* **Recorded data**

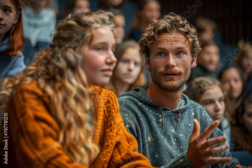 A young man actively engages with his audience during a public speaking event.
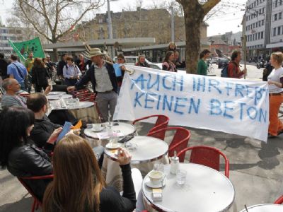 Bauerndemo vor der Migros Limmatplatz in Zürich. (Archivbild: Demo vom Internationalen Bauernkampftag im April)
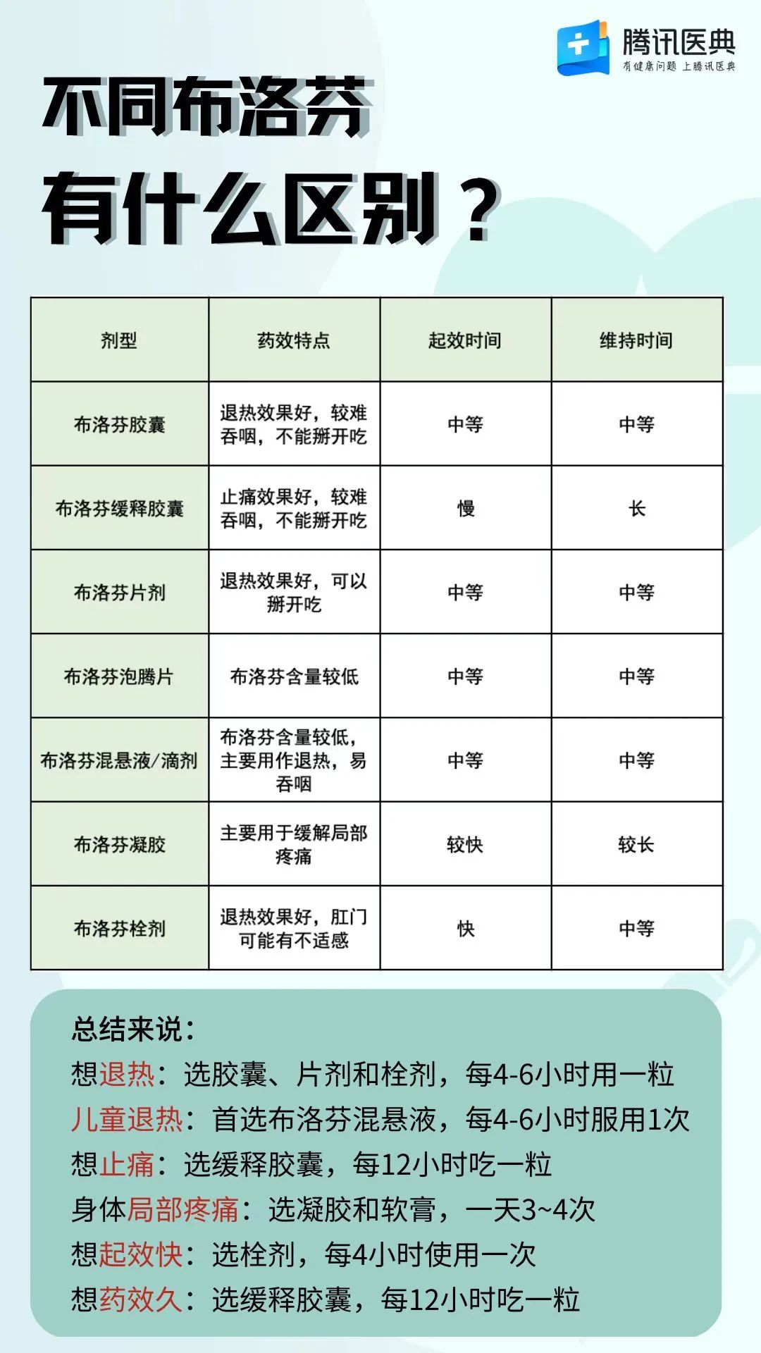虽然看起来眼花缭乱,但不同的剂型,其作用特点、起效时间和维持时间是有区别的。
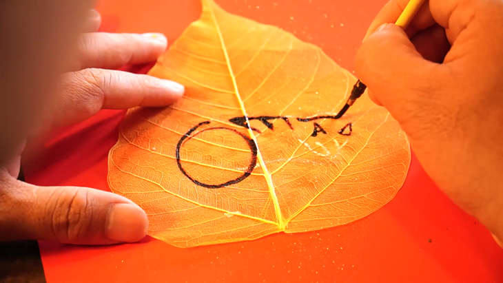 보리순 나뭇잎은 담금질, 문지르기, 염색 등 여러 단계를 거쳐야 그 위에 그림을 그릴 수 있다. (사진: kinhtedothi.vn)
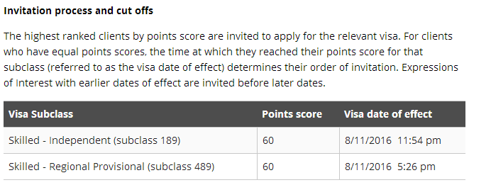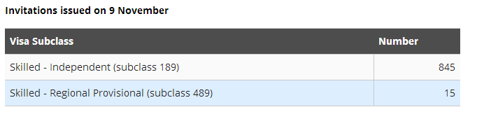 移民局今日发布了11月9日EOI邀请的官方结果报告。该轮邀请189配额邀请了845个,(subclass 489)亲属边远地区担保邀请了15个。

* **Task goal**
Beginning at the line that contains "虽然看起来眼花缭乱,但不同的剂型,其作用特点、起效时间和维持时间是有区别的。" and ending at the last line of the data, return each line exactly; no picture belongs in the copy.

* **The answer**
虽然看起来眼花缭乱,但不同的剂型,其作用特点、起效时间和维持时间是有区别的。
 보리순 나뭇잎은 담금질, 문지르기, 염색 등 여러 단계를 거쳐야 그 위에 그림을 그릴 수 있다. (사진: kinhtedothi.vn)
 移民局今日发布了11月9日EOI邀请的官方结果报告。该轮邀请189配额邀请了845个,(subclass 489)亲属边远地区担保邀请了15个。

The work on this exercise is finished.